§ **EXERCISE DETAILS**: The task calls for the line containing "Stan se nalazi" and all later lines, through the end of the entries below, to be set down exactly and without pictures.

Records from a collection
%%
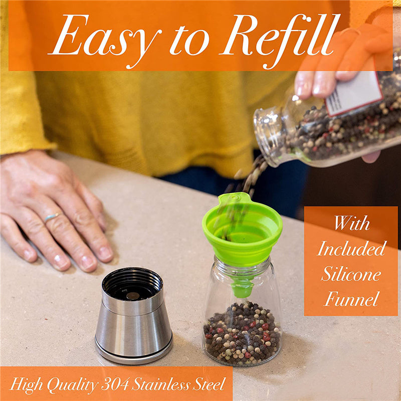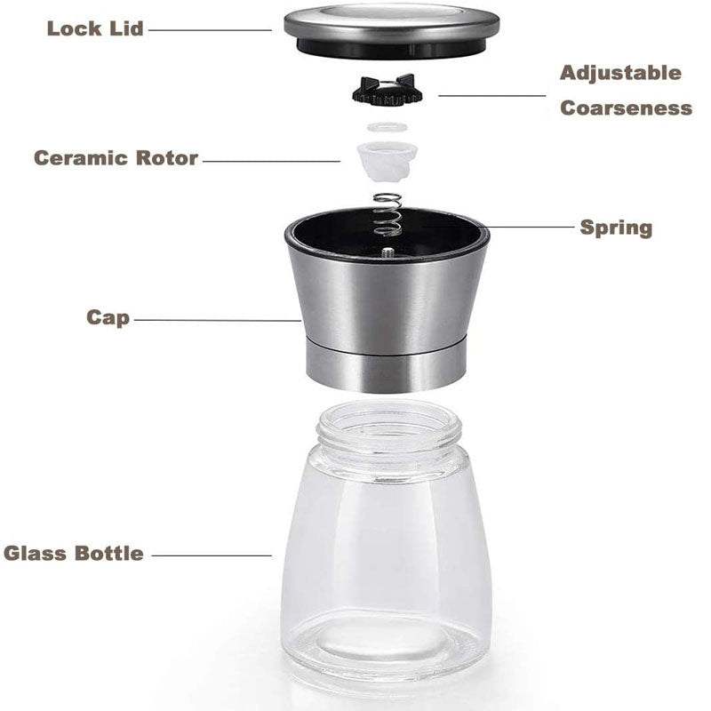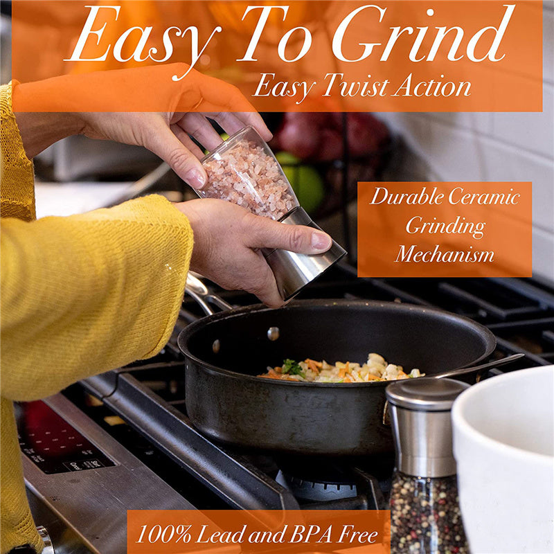 PREMIUM QUALITY – Our salt and pepper mill set have MODERN AND ELEGANT design. The brushed stainless steel grinders with high quality glass body and non-corrosive ceramic blades are perfect addition to any kitchen.
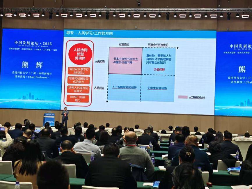 香港科技大学(广州)协理副校长、讲座教授熊辉从人才与生产力变革角度,描绘了人工智能时代的新型劳动图景。他认为,随着开源大模型普及,“人工智能军备竞赛”正从“贵族战争”转向“平民化竞争”,中小企业用百万元级算力即可开发垂类智能应用,极大降低了创新门槛。
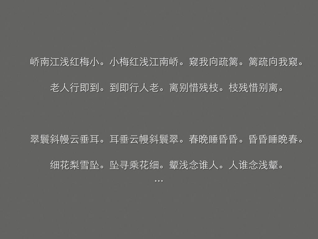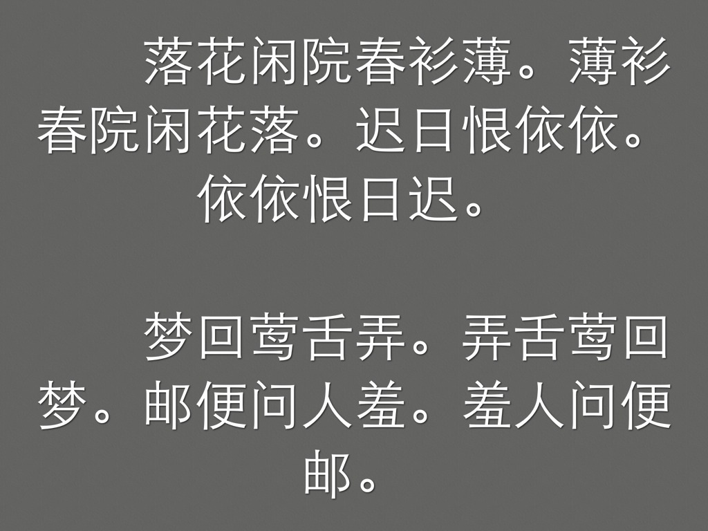 落花闲院春衫薄。薄衫春院闲花落。迟日恨依依。依依恨日迟。
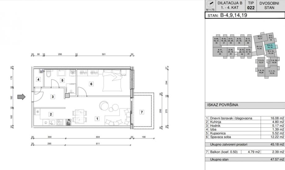 Stan se nalazi u novogradnji sa stanovima od 48 do 100m2.
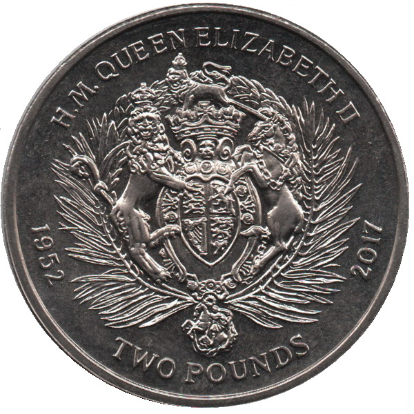 The 2 Pounds coin issued by the British Indian Ocean Territory in 2017 features a striking design that highlights the profile of Queen Elizabeth II, showcasing her regal appearance adorned with a crown. The reverse side likely displays the coat of arms, a symbol of the territory's identity and heritage. This coin, composed of copper-nickel, weighs 28.28g and reflects the artistic craftsmanship typical of British coinage. While it is not made from precious metals, its historical significance and connection to a unique territory make it appealing to collectors. The limited year of issue adds to its desirability, making it a noteworthy addition for numismatists interested in modern British coins.
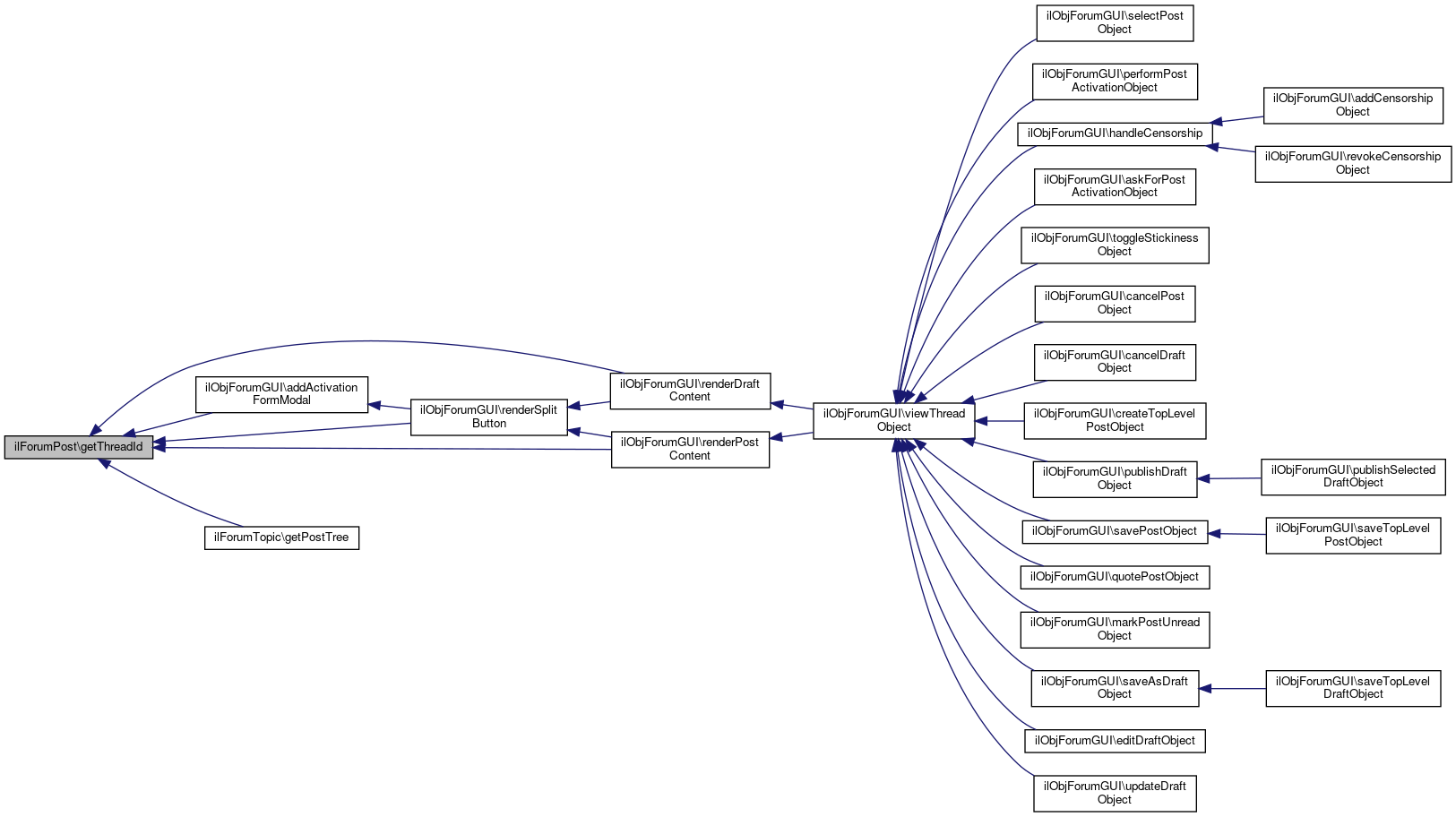 Here is the caller graph for this function:| ilForumPost::setThread | ( | ilForumTopic | $thread | ) |
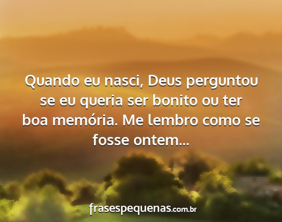 Quando eu nasci, Deus perguntou se eu queria ser bonito ou ter boa memória. Me lembro como se fosse ontem...
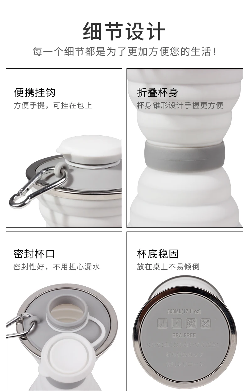 3. Теплостойкость и долговечность-наша Складная Питьевая чашка может выдерживать температурный диапазон от-40 ℃ до 240 ℃, чрезвычайно термостойкая и морозостойкая, подходит для холодных напитков, чая, кофе и горячих напитков. Безопасная Посудомоечная машина и морозильная камера.
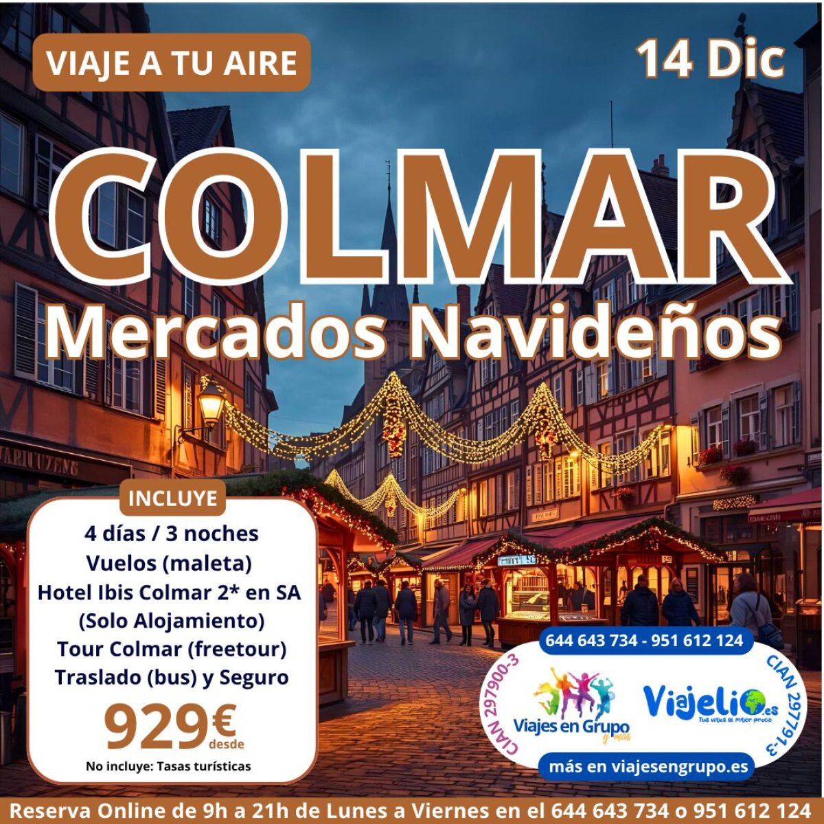 🌍 COLMAR 🎄 Mercados Navideños ✨ 14 Dic (4d/3n) ✈️ Vuelos+maleta | Hotel Ibis 2* SA | Tour freetour | Traslados+Seguro | desde 929€ 💰 Reserva 9-21h L-V ☎️ 644 643 734 / 951 612 124 🌐 viajesengrupo.es #Colmar #NavidadAlsacia #viajesengrupo
%%
§ **SOLUTION TO THIS EXERCISE**:
 Stan se nalazi u novogradnji sa stanovima od 48 do 100m2.
 The 2 Pounds coin issued by the British Indian Ocean Territory in 2017 features a striking design that highlights the profile of Queen Elizabeth II, showcasing her regal appearance adorned with a crown. The reverse side likely displays the coat of arms, a symbol of the territory's identity and heritage. This coin, composed of copper-nickel, weighs 28.28g and reflects the artistic craftsmanship typical of British coinage. While it is not made from precious metals, its historical significance and connection to a unique territory make it appealing to collectors. The limited year of issue adds to its desirability, making it a noteworthy addition for numismatists interested in modern British coins.
 Here is the caller graph for this function:| ilForumPost::setThread | ( | ilForumTopic | $thread | ) |
 Quando eu nasci, Deus perguntou se eu queria ser bonito ou ter boa memória. Me lembro como se fosse ontem...
 3. Теплостойкость и долговечность-наша Складная Питьевая чашка может выдерживать температурный диапазон от-40 ℃ до 240 ℃, чрезвычайно термостойкая и морозостойкая, подходит для холодных напитков, чая, кофе и горячих напитков. Безопасная Посудомоечная машина и морозильная камера.
 🌍 COLMAR 🎄 Mercados Navideños ✨ 14 Dic (4d/3n) ✈️ Vuelos+maleta | Hotel Ibis 2* SA | Tour freetour | Traslados+Seguro | desde 929€ 💰 Reserva 9-21h L-V ☎️ 644 643 734 / 951 612 124 🌐 viajesengrupo.es #Colmar #NavidadAlsacia #viajesengrupo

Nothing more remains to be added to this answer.